◆ DATA SEGMENT ◆

____

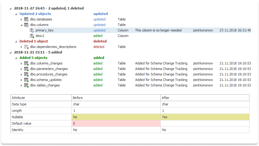 Dataedo scans schema of your databases and allows you to track, analyze and comment their changes.
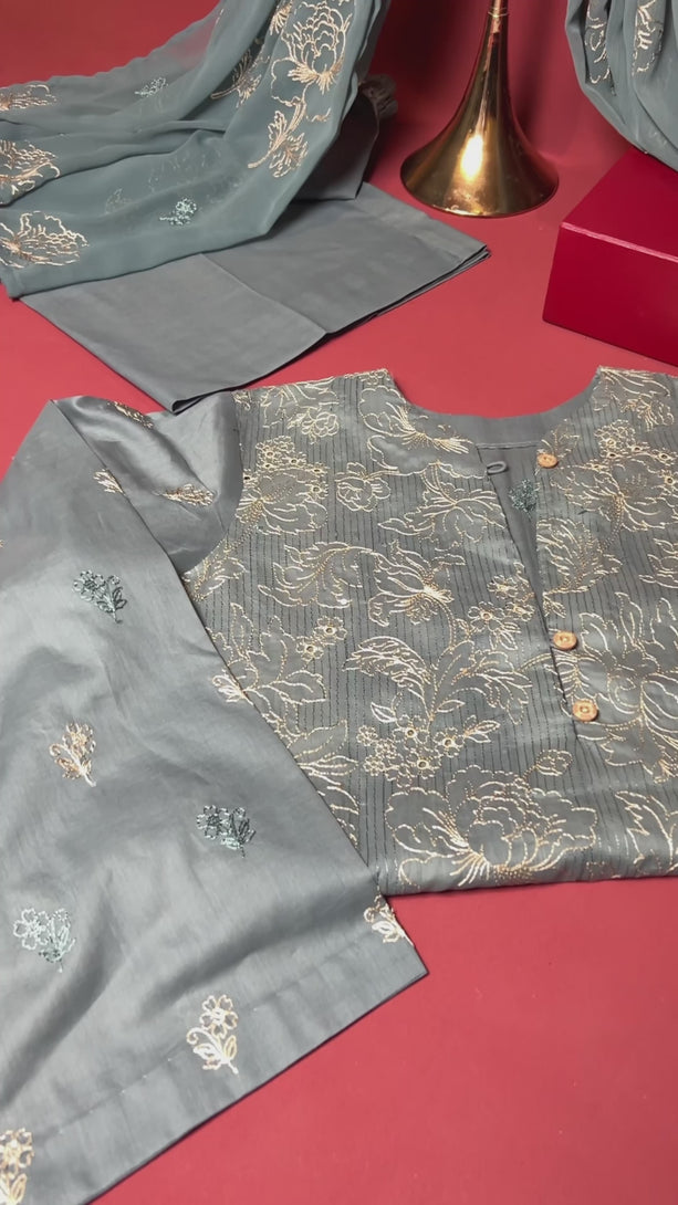 Embrace style and elegance effortlessly with this versatile grey 3-piece stitched suit, this ensemble boasts intricate embroidery on the shirt with button details on the neckline paired with loose trousers for ultimate comfort. Complete the look with a luxurious pure bamber crinkle dupatta, making it an ideal choice for both casual outings and special occasions.
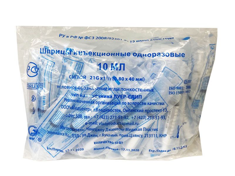 Шприц 10 мл (см3) с иглой 21Gх1 1/2 (0,8*40 мм) одноразовый стерильный, соединение луер-слип, 50 шт/упаковка, П/Э, Китай (Changzhou Jinlong Medical Plastic Appliance Co. Ltd.)

____

◆ EXERCISE DETAILS ◆
Please print all the lines above exactly as given and leave out every picture.

◆ YOUR RESPONSE ◆
 Dataedo scans schema of your databases and allows you to track, analyze and comment their changes.
 Embrace style and elegance effortlessly with this versatile grey 3-piece stitched suit, this ensemble boasts intricate embroidery on the shirt with button details on the neckline paired with loose trousers for ultimate comfort. Complete the look with a luxurious pure bamber crinkle dupatta, making it an ideal choice for both casual outings and special occasions.
 Шприц 10 мл (см3) с иглой 21Gх1 1/2 (0,8*40 мм) одноразовый стерильный, соединение луер-слип, 50 шт/упаковка, П/Э, Китай (Changzhou Jinlong Medical Plastic Appliance Co. Ltd.)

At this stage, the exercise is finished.